26 April 2016

‘Govt has failed to fund Free Zones Authority’


In Summary



The authority is meant to oversee production of goods for exports







The Uganda Free Zones Authority has said it has failed to secure funds from government to set up facilities to ease production of goods exclusively meant for the export market.






Speaking at the United Arab Emirates-Uganda trade and Investment conference at Kampala on Monday, Ms Doreen Kembabazi, the authority’s public relations officer, said apart from acquiring office space and establishing a board, the authority which was set up in 2014, has failed to set up a free zone because it is a capital intensive project which requires about $15m (Shs50b) to set up.






“We have written proposals to government and development partners and now we are looking at countries such as the United Arab Emirates which have more than 43 free zones to come and help us,” she said adding that the concept is not new as it has existed for 20 years in Kenya, 10 in Tanzania and five in Rwanda.

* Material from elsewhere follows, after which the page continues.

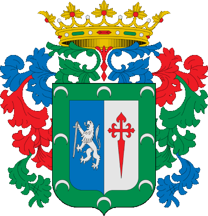 Description: Shield divided. First, azure, a rampant silver lion holding a sword of the same in its right paw. Second, argent, a red cross of St. James. A bordure vert with eight reversed silver crescents. For a crest, an open royal crown and an external ornament of mantling.
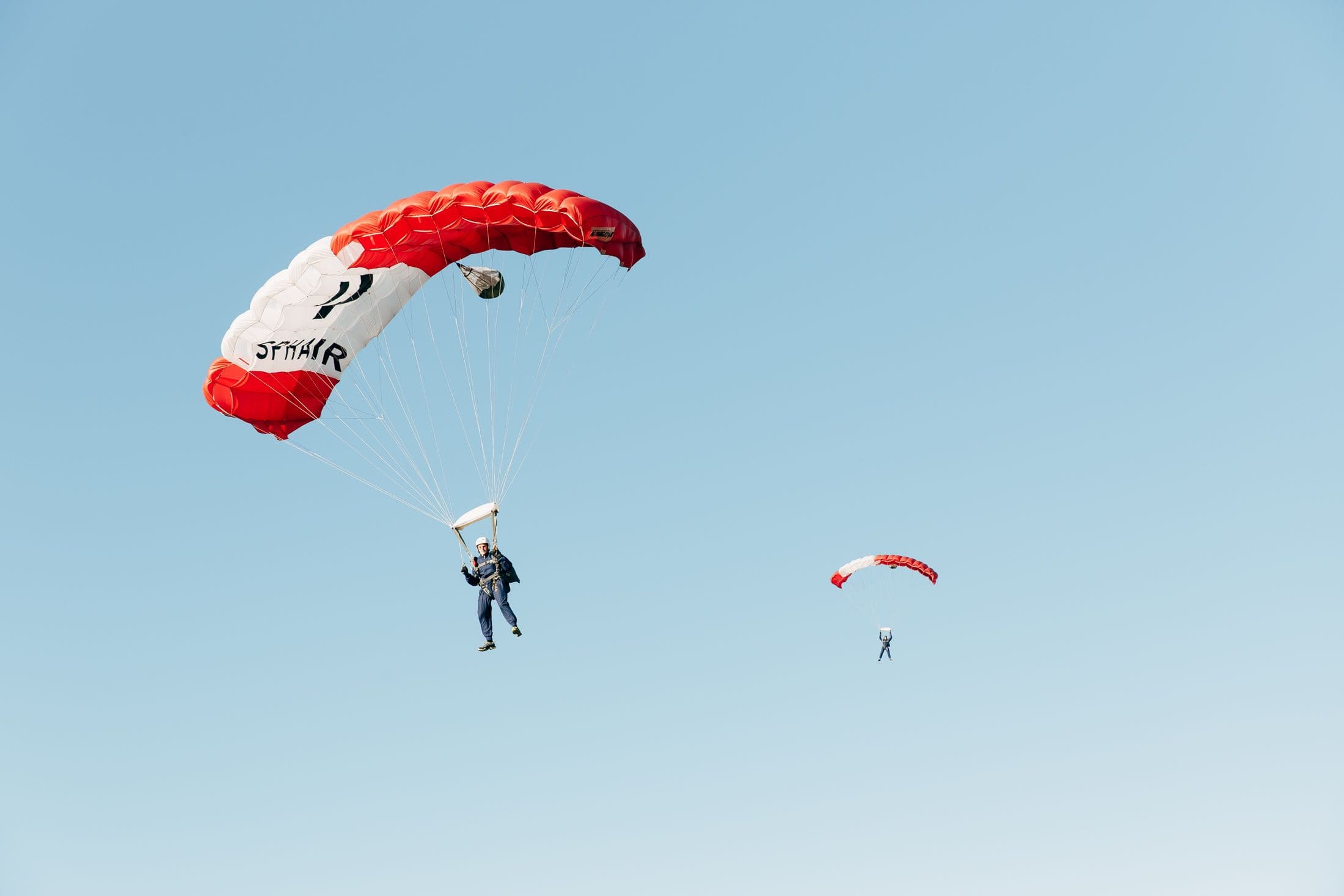 Die ersten beiden Tage mussten wir ohne Absprünge hinter uns bringen, da wir die ganzen Prozedere auffrischen und teils anpassen mussten. Eine Anpassung war die Umschulung des Griffes. Bis anhin zogen wir an einem Griff, welcher auf beckenhöhe am Rücken war. Da die Sprünge im Militär meist mit viel Gepäck absolviert werden, würde man nicht an diesen Griff kommen, weswegen er an einem gängigeren Ort angebracht wird - vorne auf Brusthöhe. Dieser neue Ort war ungewohnt, weshalb wir uns das abgeänderte Öffnungsprozedere neu einprägen mussten. Mit dem Bestehen des «Test Sécurité» konnte das Sprungprogramm beginnen. Von Salti in alle Richtungen, Drehungen entlang der Längsachse und Treckings sodass von einem stabilen und kontrollierten Freifall gesprochen werden kann, war alles dabei. Mit diesem Können konnten dann die RW-Sprünge erfolgen. Diese Sprünge beinhalten das sichere Annähern an den Sprunglehrer und das anschliessende Erstellen eines Kontaktes. Dabei musste man wie immer den Höhenmesser im Auge behalten, woran bei diesen Sprüngen nicht alle immer selbstständig dachten. Zum Glück haben die Sprunglehrer einen grossen Haufen mehr Erfahrung und Routine und machten die «vergesslichen» genug früh auf die Höhe aufmerksam.

The Uganda National Chamber of Commerce and Industry and the Dubai Export Authority have organised the 6th UAE-Uganda trade and Investment conference aimed at helping Ugandan businesses gain access to the Middle East market.






According to Mr Sudeep Mohanty, the UNCCI first vice president, the aim of the conference is meant to change the narrative from Uganda being called a land locked country to a land connected country where 10 percent of its imports come from the United Arab Emirates.






“As a country, we must now be talking of an economy which has transformed rather than an economy in transition,” he said.